Another option for obtaining a blood sugar level is measuring the percent of glycosylated red blood cells, or the percent of sugar attached to a RBC. RBCs live for approximately 90 days in the human body. By measuring this percentile one can observe the patient’s blood sugar level over the previous 3 months and not just at the moment an OGTT is performed. Today, HbA1c is a main tool for following metabolic control in persons with diabetes(5). A HbA1c > 6.0 percent should permit a diagnosis of DMII, but is not at this time a definite diagnostic tool.
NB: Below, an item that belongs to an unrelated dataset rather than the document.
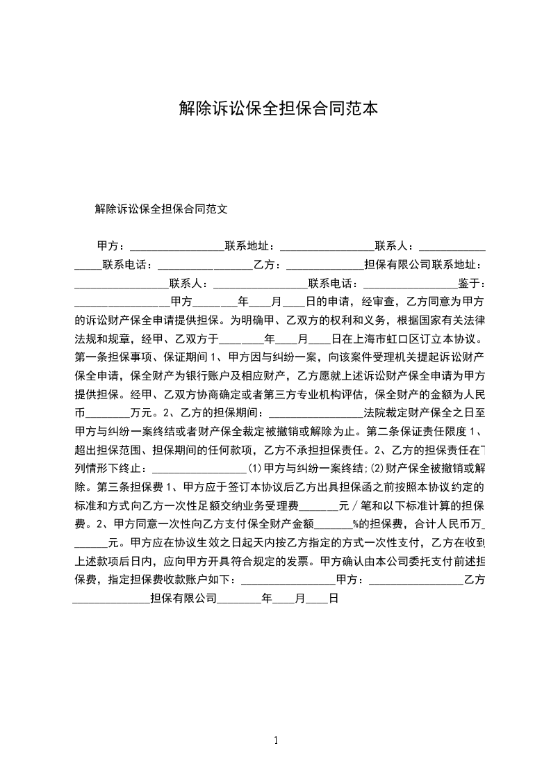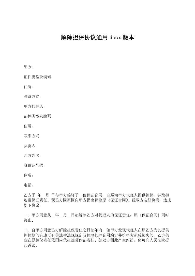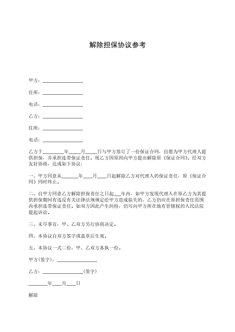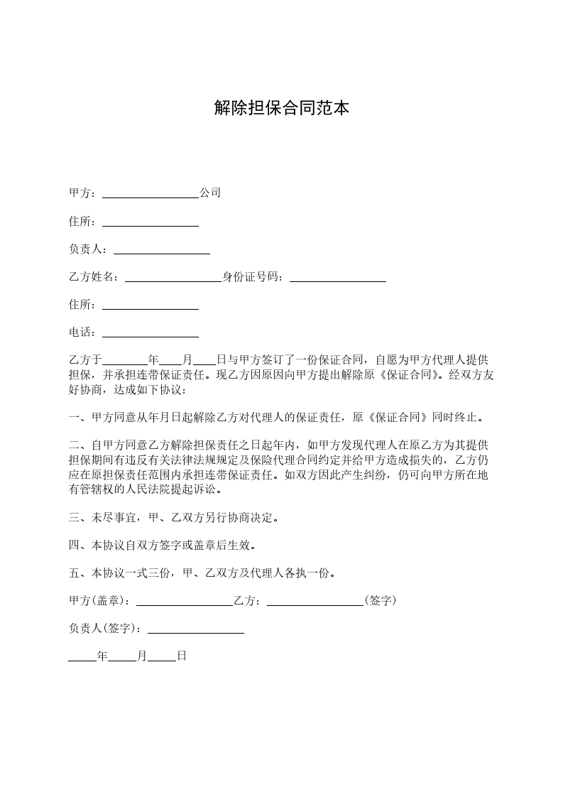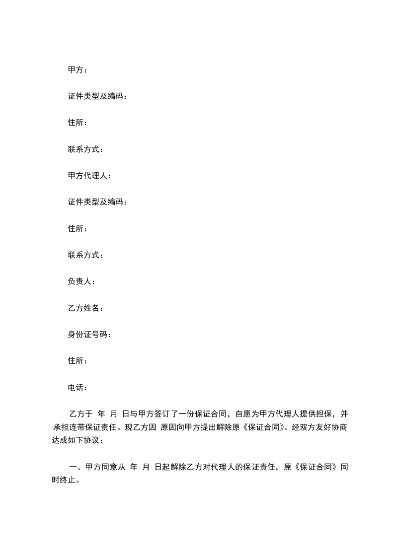 甲方:_________________公司 住所:_________________ 负责人:_________________ 乙方姓名:_________________身份证号码:_________________ 住所:_________________ 电话:_________________ 乙方于________年____月____日与甲方签订了一份保证合同,自愿为甲方代理人提供担保,并承担连带保证责任。现乙方因原因向甲方提出解除原《保证合同》。经双方友好协商,达成如下协议: 一、甲方同意从_____年_____月_____日起解除乙方对代理人的保证责任,原《保证合同》同时终止。 二、自甲方同意乙方解除担保责任之日起年内,如甲方发现代理人在原乙方为其提供担保期间有违反有关法律法规规定及保险代理合同约定并给甲方造成损失的,乙方仍应在原担保责任范围内承担连带保证责任。如双方因此产生纠纷,仍可向甲方所在地有管辖权的人民法院提起诉讼。 三、未尽事宜,甲、乙双方另行协商决定。 四、本协议自双方签字或盖章后生效。 五、本协议一式三份,甲、乙双方及代理人各执一份。 甲方(盖章):_________________乙方:_________________(签字) 负责人(签字):_________________ _____年_____月_____日

Diabetes can cause complications of multiple organ systems. WHO defines consequences of diabetes as follows:

Diabetes increases the risk of heart disease and stroke. 50% of people with diabetes die of cardiovascular disease (primarily heart disease and stroke).
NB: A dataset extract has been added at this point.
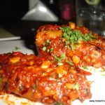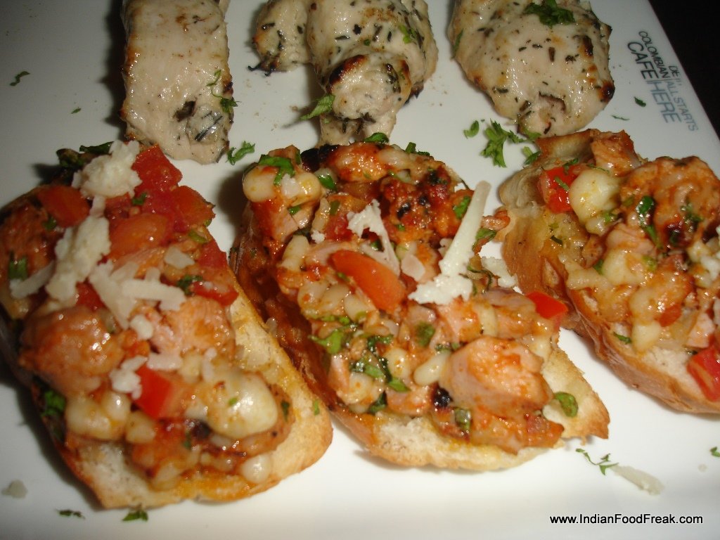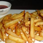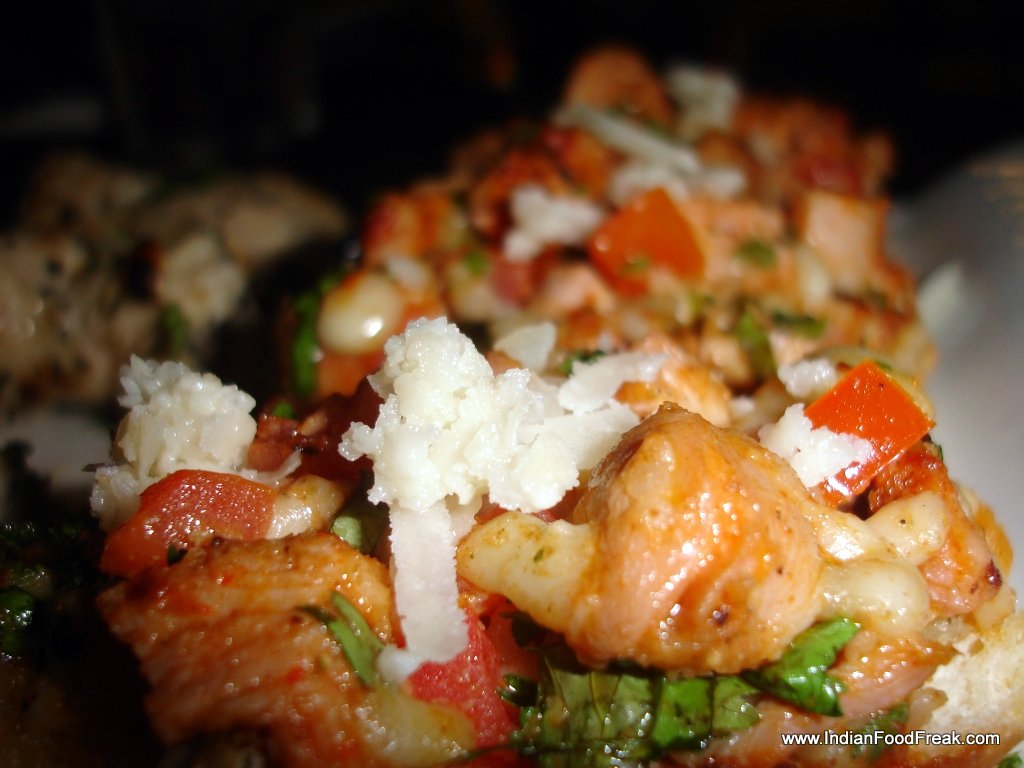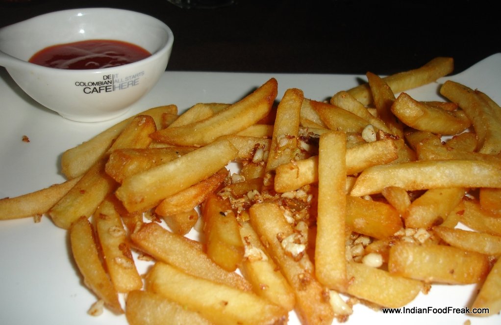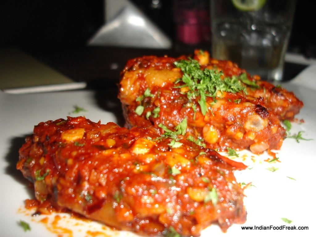 Moving on we tried the Corn Cheese Seekh Kebabs (Rs.200) and Stuffed Jalapeno Poppers (Rs.200). The kebabs were very silky and melt in the mouth – I have seldom eaten a vegetarian kebab with such delectable flavours, credits to the chef. The Jalapeno poppers unlike the popular bite sized versions, was a complete jalapeno with a crunchy coating and centre filled with cream cheese, making it an interesting bite and certainly a good snack to accompany the drinks. Another drink was soon ordered to tackle the heat caused by the poppers and I chose a Fresh Pomegranate Martini (Rs.450) and on the owner Nikhil’s insistence, their popular Long Island Ice Tea (Rs.500), both the drinks hit the right spot, though my heart went out more to the Long Island Ice tea as the Tequila and the vodka in the drink made for quite a heady cocktail. We tried a sampling portion of the Chicken Wings tossed in Chilli Sauce (Rs.250), Chicken Tikka Bruschetta (Rs.250) and a Rosemary and Thyme Murg Tikka (Rs.350), all the three dishes, though having the same common protein, were amazingly different in their taste and execution. I found the chicken wings a bit underdone, but the sauce coating with its intense garlic and chilli flavour, despite being too spicy to my taste, had that pull which makes one want to keep licking the sauce despite its heat. The chicken tikka bruschetta was a regular bruschetta with fresh tomatoes, olive oil, rosemary, cheese and chicken tikka bits topped on crispy bread pieces, the tikka did add to the dish but didn’t elevate it to any special levels. The Rosemary and thyme tikka was undoubtedly the star on the table. The chicken pieces were succulent and juicy and cooked to such perfection that they could be cut with a fork and the fork sliced through the chicken as if it was soft paneer. The tikka base was like the regular malaai tikka, but with the added herbaceousness of rosemary and thyme took the tikka to a wholly different level. We also tried the Garlic Tossed French Fries (Rs.250) which are crispy fries tossed in crispy garlic, interesting take on the regular French fries.

Combined with reduced blood flow, neuropathy in the feet increases the chance of foot ulcers and eventual limb amputation.
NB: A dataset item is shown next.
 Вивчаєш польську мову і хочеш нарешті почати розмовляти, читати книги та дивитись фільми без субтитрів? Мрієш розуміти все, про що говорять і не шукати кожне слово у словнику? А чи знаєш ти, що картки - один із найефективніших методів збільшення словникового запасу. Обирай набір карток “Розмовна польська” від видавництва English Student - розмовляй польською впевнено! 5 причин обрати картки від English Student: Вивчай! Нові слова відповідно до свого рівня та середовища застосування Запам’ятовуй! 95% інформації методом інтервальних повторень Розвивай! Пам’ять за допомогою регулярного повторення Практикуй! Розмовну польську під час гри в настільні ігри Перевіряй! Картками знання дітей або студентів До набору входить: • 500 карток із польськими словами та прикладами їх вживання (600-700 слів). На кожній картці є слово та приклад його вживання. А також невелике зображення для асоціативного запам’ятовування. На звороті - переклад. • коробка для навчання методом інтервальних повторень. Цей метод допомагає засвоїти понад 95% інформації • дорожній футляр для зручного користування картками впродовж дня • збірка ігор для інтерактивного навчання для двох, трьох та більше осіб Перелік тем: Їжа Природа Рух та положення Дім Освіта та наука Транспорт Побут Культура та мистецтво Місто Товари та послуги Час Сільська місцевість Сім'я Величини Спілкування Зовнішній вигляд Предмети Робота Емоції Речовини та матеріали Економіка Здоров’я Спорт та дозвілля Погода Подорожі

Diabetic retinopathy is an important cause of blindness, and occurs as a result of long-term accumulated damage to the small blood vessels in the retina. After 15 years of diabetes, approximately 2% of people become blind, and about 10% develop severe visual impairment.

Diabetes is among the leading causes of kidney failure. 10-20% of people with diabetes die of kidney failure.

Diabetic neuropathy is damage to the nerves as a result of diabetes, and affects up to 50% of people with diabetes. Although many different problems can occur as a result of diabetic neuropathy, common symptoms are tingling, pain, numbness, or weakness in the feet and hands.

The overall risk of dying among people with diabetes is at least double the risk of their peers without diabetes (8).

Previous studies have showed that better control of plasma glucose levels reduced the risk of developing long-term complications pertaining to diabetes (4). A higher HbA1c correlates well with the likelihood of developing chronic complications such as the ones listed above.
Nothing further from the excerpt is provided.